→ WORK INSTRUCTION:
Reproduce from the records below, with no pictures, exactly the lines between the one containing "V roku 1930" and the one containing "シャツの上からレイヤードするオーガンジーのプルオーバーもセットになります。", inclusive.

→ DATASET RECORDS:
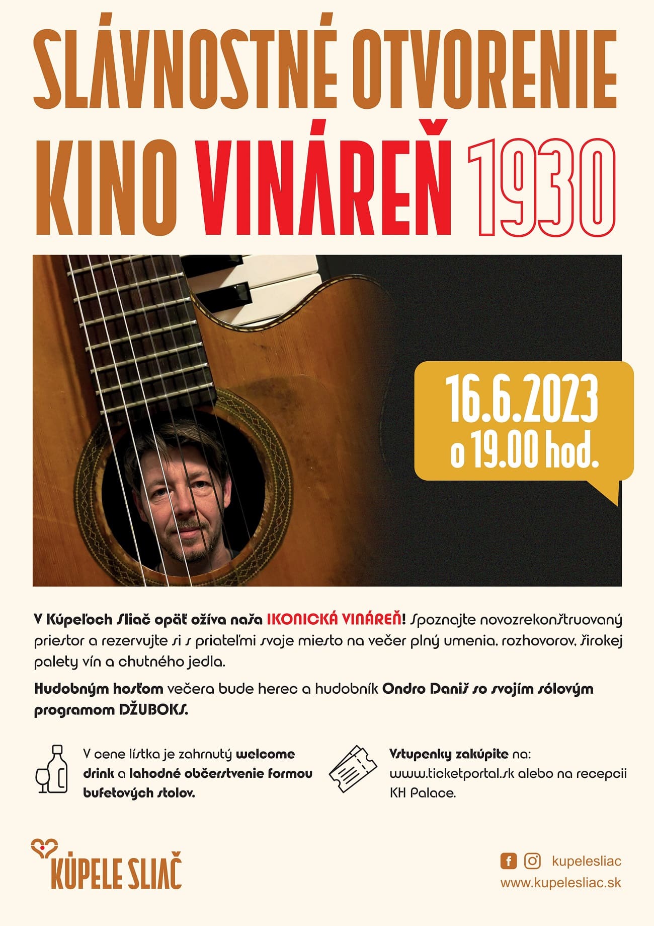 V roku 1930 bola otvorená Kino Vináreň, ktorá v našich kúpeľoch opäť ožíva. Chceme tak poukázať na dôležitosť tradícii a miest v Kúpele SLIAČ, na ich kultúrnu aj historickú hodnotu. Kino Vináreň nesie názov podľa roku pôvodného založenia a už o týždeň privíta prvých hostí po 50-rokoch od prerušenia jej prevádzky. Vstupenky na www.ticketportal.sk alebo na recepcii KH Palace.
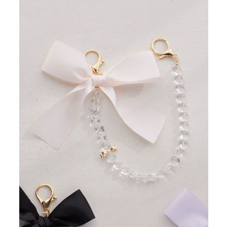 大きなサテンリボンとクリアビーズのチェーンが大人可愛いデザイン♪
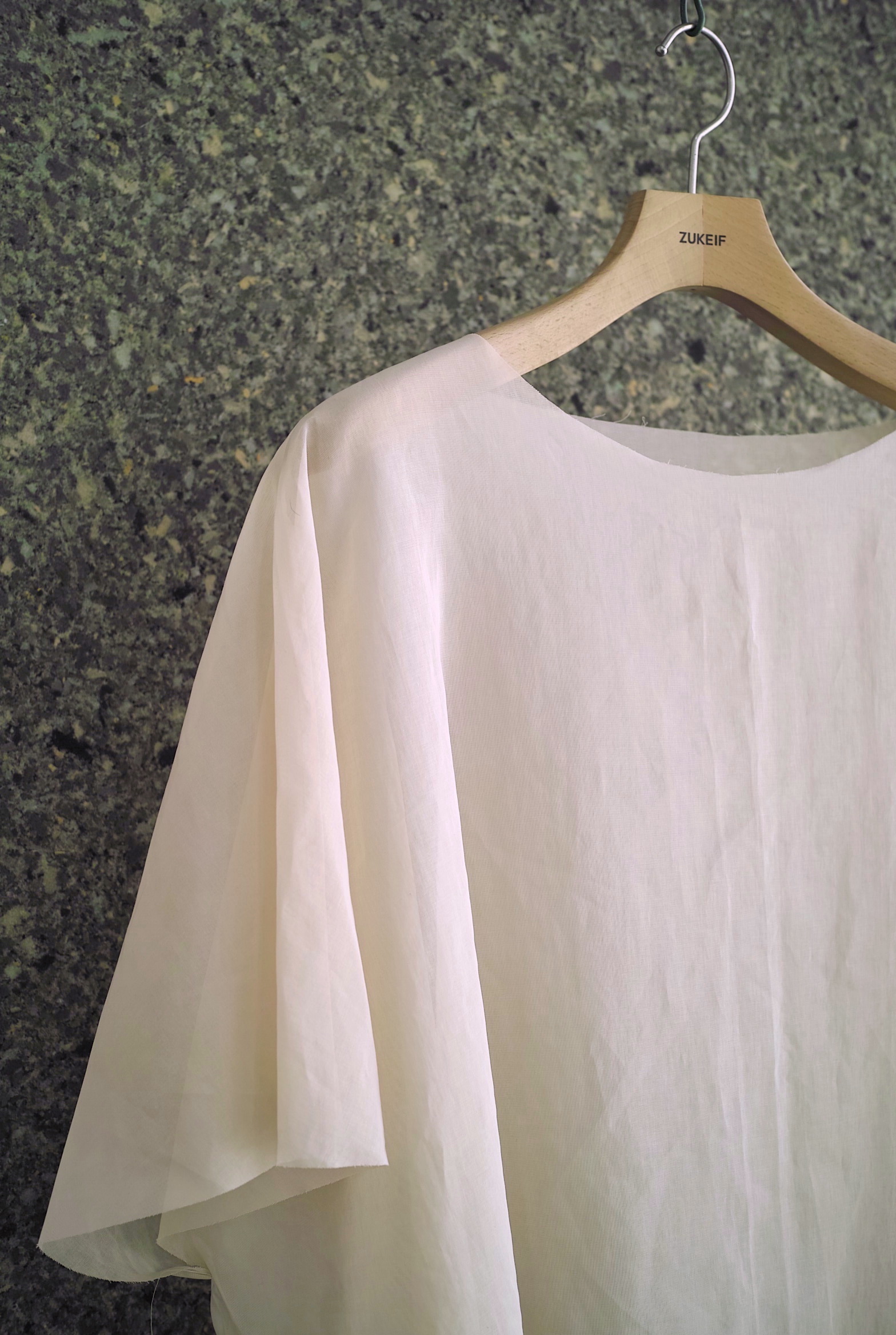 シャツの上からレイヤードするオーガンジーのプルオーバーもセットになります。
---
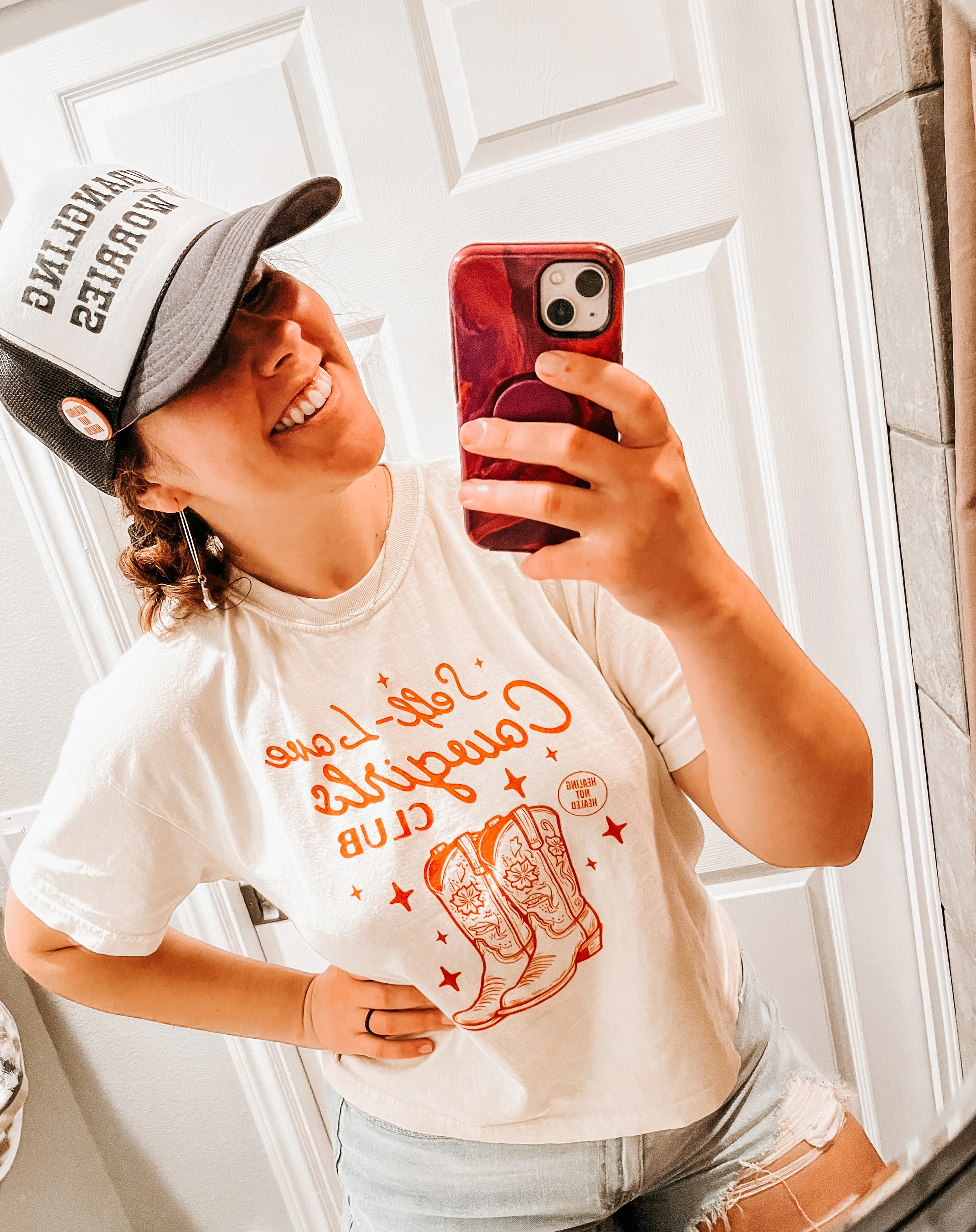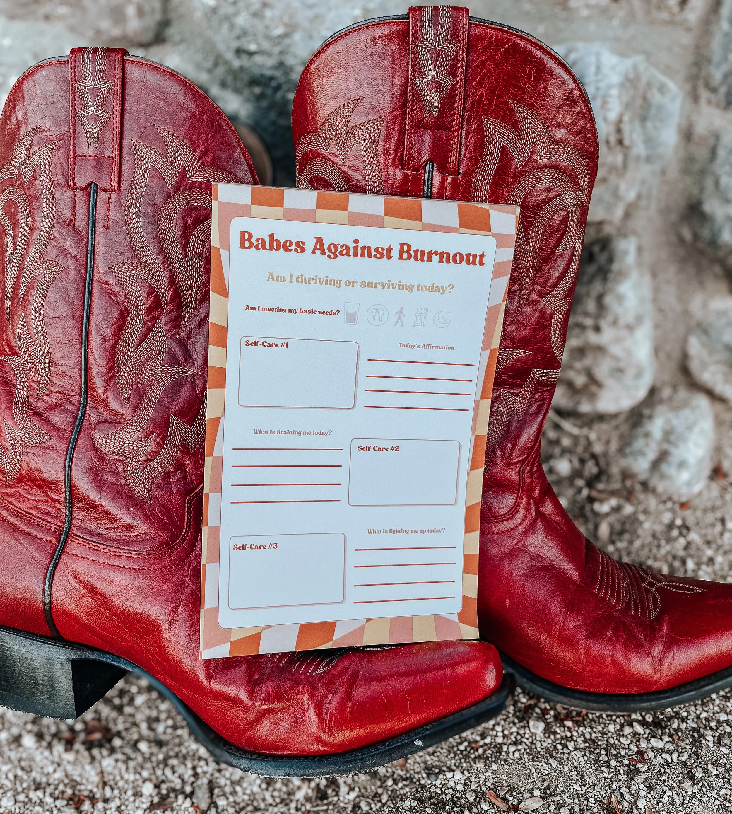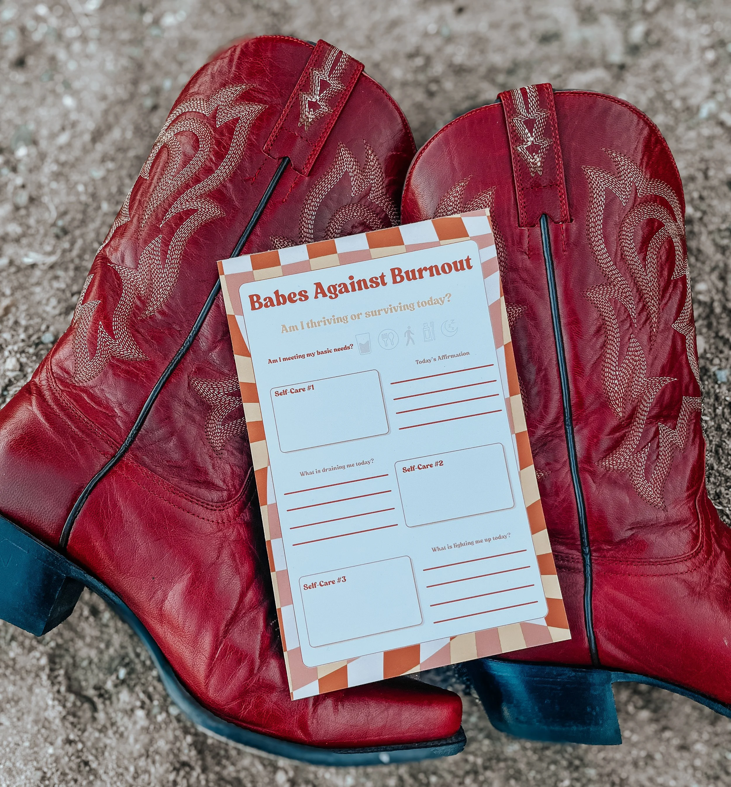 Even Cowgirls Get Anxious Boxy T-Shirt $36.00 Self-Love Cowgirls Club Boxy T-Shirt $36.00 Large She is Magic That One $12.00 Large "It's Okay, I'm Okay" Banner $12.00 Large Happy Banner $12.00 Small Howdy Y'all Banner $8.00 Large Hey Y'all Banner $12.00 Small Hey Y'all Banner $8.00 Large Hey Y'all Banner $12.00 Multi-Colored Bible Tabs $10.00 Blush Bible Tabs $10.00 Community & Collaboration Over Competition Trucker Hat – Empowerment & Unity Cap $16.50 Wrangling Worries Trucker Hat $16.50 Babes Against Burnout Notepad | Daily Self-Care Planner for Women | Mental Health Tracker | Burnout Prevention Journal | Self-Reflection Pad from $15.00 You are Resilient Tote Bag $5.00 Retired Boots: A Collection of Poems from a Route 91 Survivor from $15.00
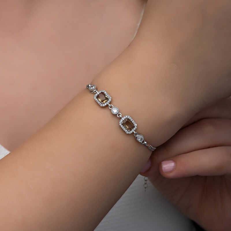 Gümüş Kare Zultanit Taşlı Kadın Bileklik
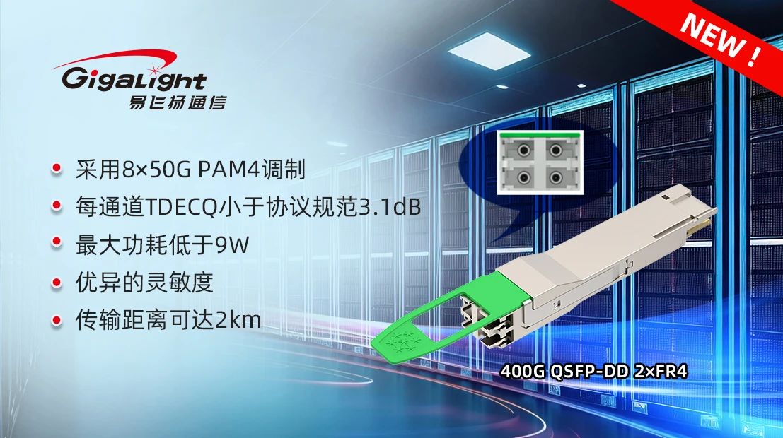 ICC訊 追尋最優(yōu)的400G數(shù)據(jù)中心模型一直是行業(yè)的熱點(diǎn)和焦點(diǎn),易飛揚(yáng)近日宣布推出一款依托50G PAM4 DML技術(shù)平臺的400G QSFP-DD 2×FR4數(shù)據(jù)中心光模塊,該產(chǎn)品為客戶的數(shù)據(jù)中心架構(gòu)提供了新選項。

→ WRITTEN RESPONSE:
 V roku 1930 bola otvorená Kino Vináreň, ktorá v našich kúpeľoch opäť ožíva. Chceme tak poukázať na dôležitosť tradícii a miest v Kúpele SLIAČ, na ich kultúrnu aj historickú hodnotu. Kino Vináreň nesie názov podľa roku pôvodného založenia a už o týždeň privíta prvých hostí po 50-rokoch od prerušenia jej prevádzky. Vstupenky na www.ticketportal.sk alebo na recepcii KH Palace.
 大きなサテンリボンとクリアビーズのチェーンが大人可愛いデザイン♪
 シャツの上からレイヤードするオーガンジーのプルオーバーもセットになります。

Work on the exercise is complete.